(Items from a data source)
──────

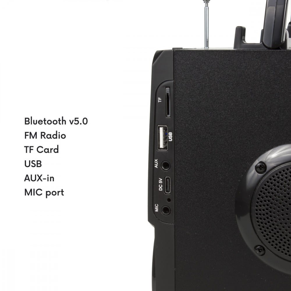 Idealny towarzysz do zabrania ze sobą: Praktyczny uchwyt umożliwia łatwy transport. Dzięki niewielkim rozmiarom głośnik nadaje się do użytku w domu i na zewnątrz. Zasilanie bateryjne - akumulator 2000 mAh: Wbudowany akumulator 2000 mAh gwarantuje 3-4 godziny użytkowania. Urządzenie można łatwo ładować dzięki kablowi USB (5V, 1A).
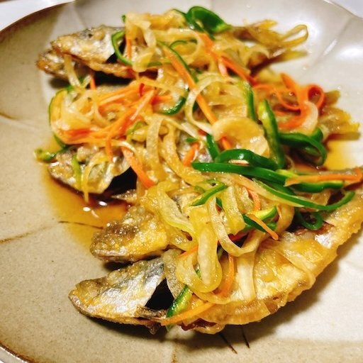 小アジの南蛮漬け。油で揚げられた小アジは、骨ごとバリバリ食べられちゃう。ご飯もビールも進む家庭の味って感じで、良いですわ〜。居酒屋でも南蛮漬けって意外とメニューにないので、これは嬉しいおうちごはんグルメ。 #おうちごはん #実家飯 pic.x.com/jKmCJsL3sZ x.com/Wakiblog/statu…
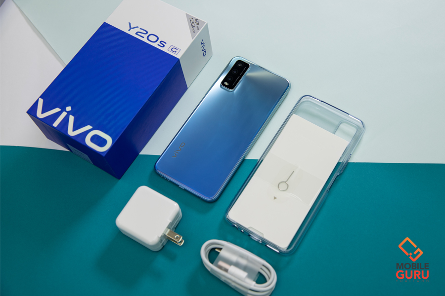 มาเริ่มกันด้วยการแกะกล่อง Vivo V20s [G] กันครับ สำหรับกล่องของ Y20sG ยังคงมาใช้โทนสีสองสีระหว่างฟ้ากับขาวตัดกันเหมือนกับ Y Series รุ่นอื่น ๆ ในขณะที่ด้านหน้ามีชื่อรุ่น "Y20sG" ชัดเจน และเมื่อเปิดกล่องขึ้นมาก็จะพบกับอุปกรณ์ใช้งานเริ่มต้นที่ทางวีโว่ใส่มาให้ดังนี้
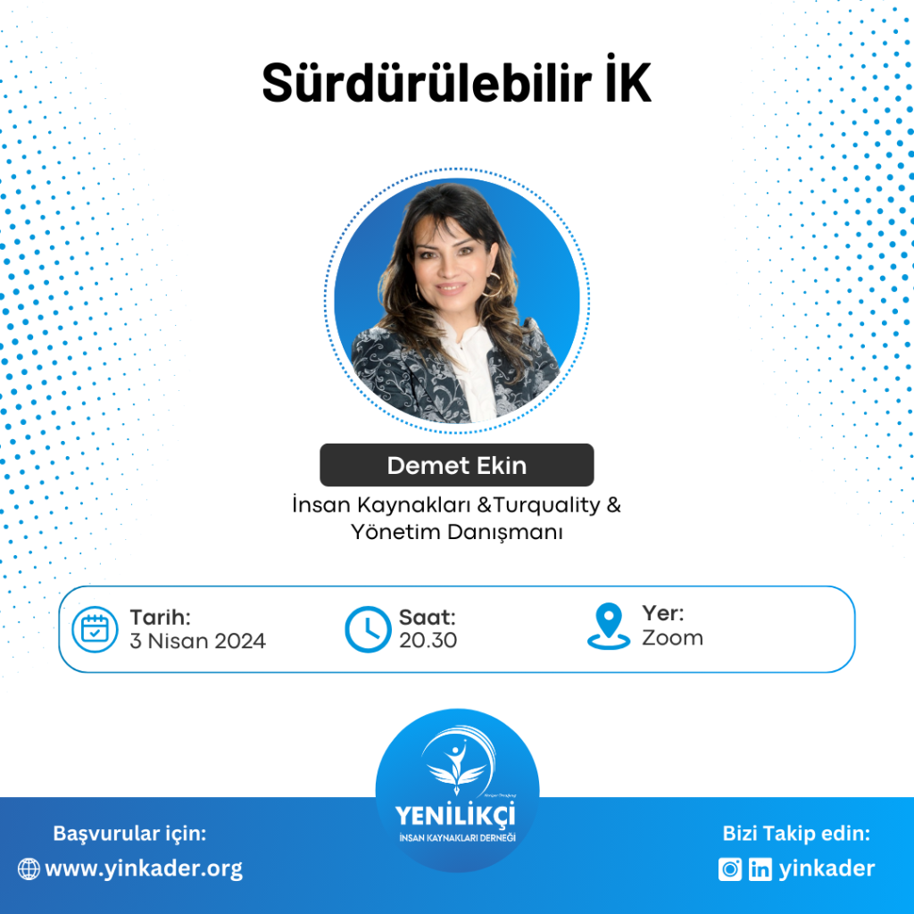 Konuşmacımız Demet Ekin, sürdürülebilir İK uygulamaları konusunda deneyimlerini ve bilgilerini bizlerle paylaşacak. Bu değerli bilgilerle donanmak ve İK dünyasındaki yenilikleri keşfetmek istiyorsanız, bu etkinlik tam size göre!
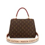A printed leather strap lends an edgy twist to this Cluny BB handbag, crafted from classic Monogram canvas. Worn cross-body or carried in ladylike fashion by its top handle, this timeless bag is designed for busy lifestyles. It opens wide for easy access to the smartly organized interior, while the magnetic flap and zipped inner pocket keep belongings secure.
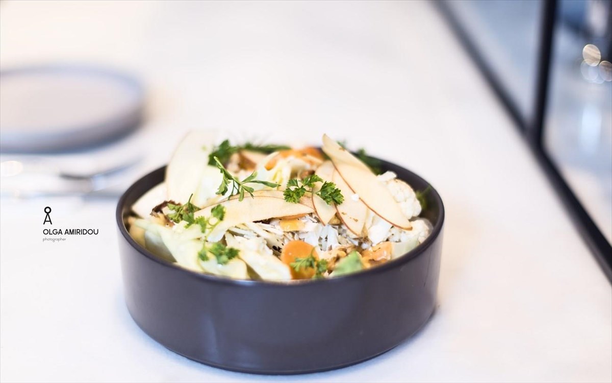 Από σαλάτα, δοκιμάσαμε το best seller του Nolan, τη σαλάτα με… καμένα λάχανα και κουνουπίδια, με ξερό ανθότυρο Μπαμπούνη (8,5 ευρώ). Αυτό που μας εντυπωσίασε γευστικά δεν ήταν τα «τσουρουφλισμένα» λαχανικά, αλλά ο συνδυασμός του λαδιού τρούφας και του ιδιαίτερου παλαιωμένου ανθότυρου, με τη γλυκύτητα του μήλου και τα καπνισμένα καρύδια.
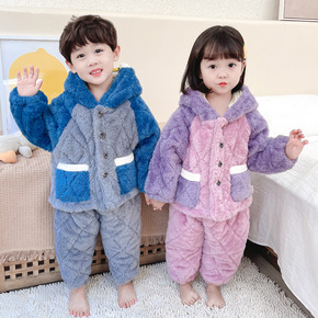 儿童睡衣男童法兰绒珊瑚绒秋冬季保暖加厚款女孩中小童...
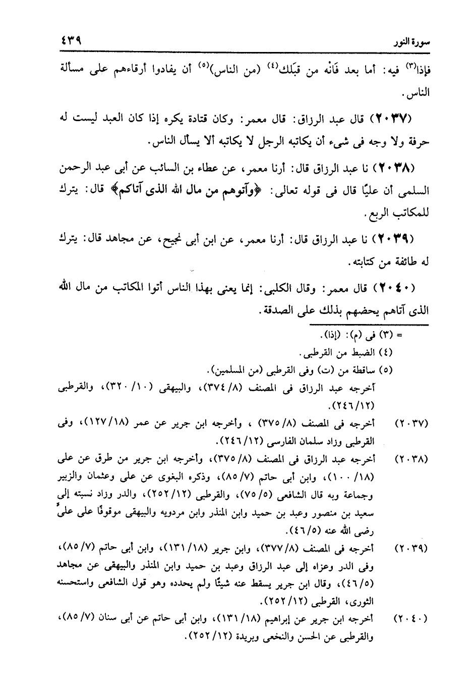 2040 - قَالَ مَعْمَرٌ: وَقَالَ الْكَلْبِيُّ: «§إِنَّمَا يَعْنِي بِهَذَا النَّاسَ آتُوا الْمُكَاتَبَ مِنْ مَالِ اللَّهِ الَّذِي آتَاهُمْ يَحُضُّهُمْ بِذَلِكَ عَلَى الصَّدَقَةِ»
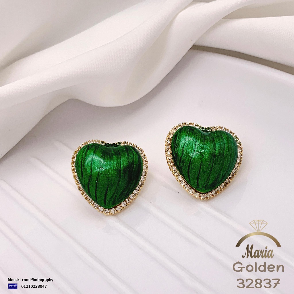 32837 حلق لوكس ماركة ماريا عمود فضه بريمه جولد قلب اخضر فصوص مايكرو
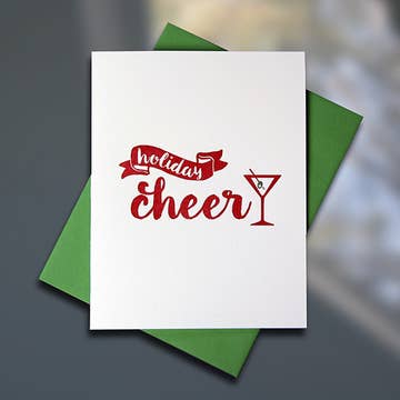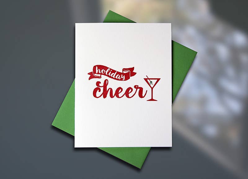 The perfect season's greeting to embrace the festive cheer with a spirited toast! • A2 size card & envelope (4.25 x 5.5") • Folded card, blank interior • Printed full color on cream 110lb cardstock • Designed & printed in the USA
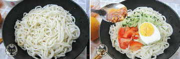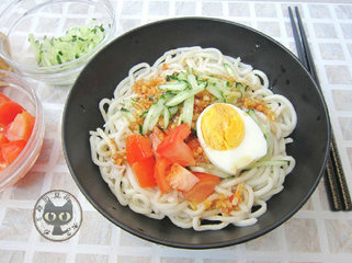 6、青瓜丝、番茄丁、鸡蛋置于面条上,淋上调匀的酱汁就可以了。
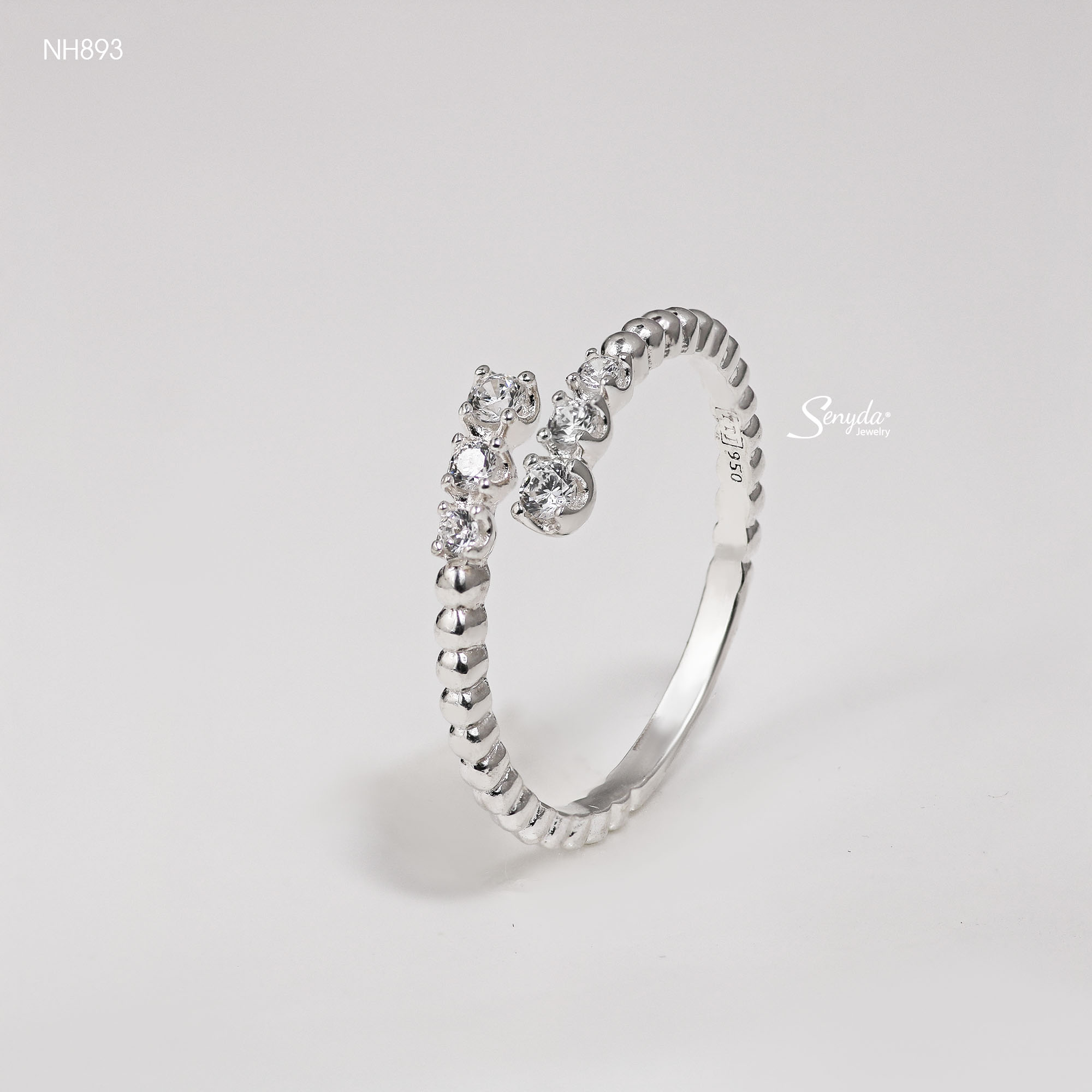 NH893 Nhẫn bạc Ý Senyda dãy đá đai bi trơn hở

──────

[Required action]
Reproduce each line of the records exactly and exclude any images.

[Written response]
 Idealny towarzysz do zabrania ze sobą: Praktyczny uchwyt umożliwia łatwy transport. Dzięki niewielkim rozmiarom głośnik nadaje się do użytku w domu i na zewnątrz. Zasilanie bateryjne - akumulator 2000 mAh: Wbudowany akumulator 2000 mAh gwarantuje 3-4 godziny użytkowania. Urządzenie można łatwo ładować dzięki kablowi USB (5V, 1A).
 小アジの南蛮漬け。油で揚げられた小アジは、骨ごとバリバリ食べられちゃう。ご飯もビールも進む家庭の味って感じで、良いですわ〜。居酒屋でも南蛮漬けって意外とメニューにないので、これは嬉しいおうちごはんグルメ。 #おうちごはん #実家飯 pic.x.com/jKmCJsL3sZ x.com/Wakiblog/statu…
 มาเริ่มกันด้วยการแกะกล่อง Vivo V20s [G] กันครับ สำหรับกล่องของ Y20sG ยังคงมาใช้โทนสีสองสีระหว่างฟ้ากับขาวตัดกันเหมือนกับ Y Series รุ่นอื่น ๆ ในขณะที่ด้านหน้ามีชื่อรุ่น "Y20sG" ชัดเจน และเมื่อเปิดกล่องขึ้นมาก็จะพบกับอุปกรณ์ใช้งานเริ่มต้นที่ทางวีโว่ใส่มาให้ดังนี้
 Konuşmacımız Demet Ekin, sürdürülebilir İK uygulamaları konusunda deneyimlerini ve bilgilerini bizlerle paylaşacak. Bu değerli bilgilerle donanmak ve İK dünyasındaki yenilikleri keşfetmek istiyorsanız, bu etkinlik tam size göre!
A printed leather strap lends an edgy twist to this Cluny BB handbag, crafted from classic Monogram canvas. Worn cross-body or carried in ladylike fashion by its top handle, this timeless bag is designed for busy lifestyles. It opens wide for easy access to the smartly organized interior, while the magnetic flap and zipped inner pocket keep belongings secure.
 Από σαλάτα, δοκιμάσαμε το best seller του Nolan, τη σαλάτα με… καμένα λάχανα και κουνουπίδια, με ξερό ανθότυρο Μπαμπούνη (8,5 ευρώ). Αυτό που μας εντυπωσίασε γευστικά δεν ήταν τα «τσουρουφλισμένα» λαχανικά, αλλά ο συνδυασμός του λαδιού τρούφας και του ιδιαίτερου παλαιωμένου ανθότυρου, με τη γλυκύτητα του μήλου και τα καπνισμένα καρύδια.
 儿童睡衣男童法兰绒珊瑚绒秋冬季保暖加厚款女孩中小童...
 2040 - قَالَ مَعْمَرٌ: وَقَالَ الْكَلْبِيُّ: «§إِنَّمَا يَعْنِي بِهَذَا النَّاسَ آتُوا الْمُكَاتَبَ مِنْ مَالِ اللَّهِ الَّذِي آتَاهُمْ يَحُضُّهُمْ بِذَلِكَ عَلَى الصَّدَقَةِ»
 32837 حلق لوكس ماركة ماريا عمود فضه بريمه جولد قلب اخضر فصوص مايكرو
 The perfect season's greeting to embrace the festive cheer with a spirited toast! • A2 size card & envelope (4.25 x 5.5") • Folded card, blank interior • Printed full color on cream 110lb cardstock • Designed & printed in the USA
 6、青瓜丝、番茄丁、鸡蛋置于面条上,淋上调匀的酱汁就可以了。
 NH893 Nhẫn bạc Ý Senyda dãy đá đai bi trơn hở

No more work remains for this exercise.